# Olympiad inequalities book

**Posted:**July 10, 2007

**Filed under:**Notices 5 Comments

Author: Pham Van Thuan, Le Vi

This book is intended as a useful resource for high school and college students

who are training for national or international mathematical competitions.

But anybody who is interested in elementary mathematical inequalities may find

this book useful. This problem solving book is divided into six chapters,

containing more than fifty topics of interest to mathematical olympiad contestants

and coaches, demonstrating ideas and strategies in solving inequalities.

The reader will find in the book clever applications of well known results as

well as powerful original methods, each is explained and illustrated by

carefully selected problems.

*Chapter 1. Inequalities between means. *This chapter starts with the fundamental fact , upon which many

interesting inequalities are derived. It also serves to emphasize that powerful

results can be obtained by little means.

*Chapter 2. Cauchy-Schwars. *The classical result of Cauchy-Schwarz is revisited with examples illustrating

sophisticated, at time surprising, ways to apply the inequality. Other

classical inequalities such as those of Chebyshev and H\”older are also

discussed and shown how they might cooperate with Cauchy-Schwarz inequality.

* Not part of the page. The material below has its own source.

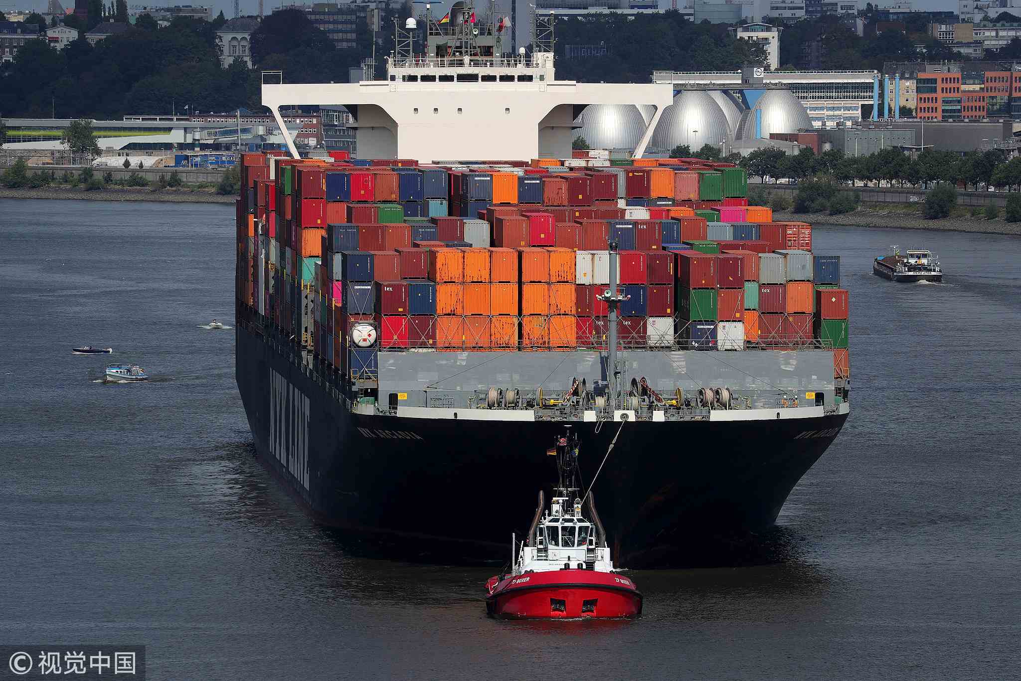 A container ship arrives at the port of Hamburg, Germany, on Sunday, September 2, 2018. /VCG Photo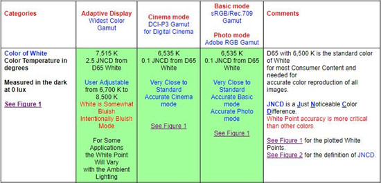 -創(chuàng)紀(jì)錄的色彩準(zhǔn)確度(0.5 JNCD),在視覺上與完美沒有區(qū)別,而且?guī)缀蹩隙ū痊F(xiàn)有絕大多數(shù)智能手機(jī)、超高清電視、平板電腦、筆記本電腦和電腦顯示器要好得多。

*Chapter 3. Convexity. *This chapter utilises calculus in solving inequalities. Based on simpe

properties of linear and convex functions, systematic methods are derived

to tackle some advanced problems. Also discussed is tangent line method,

which gives a geometric interpretation of bounds.

*Chapter 4. Homogenous inequalities. *Homogeneous inequalities constitutes a large class of inequality problems.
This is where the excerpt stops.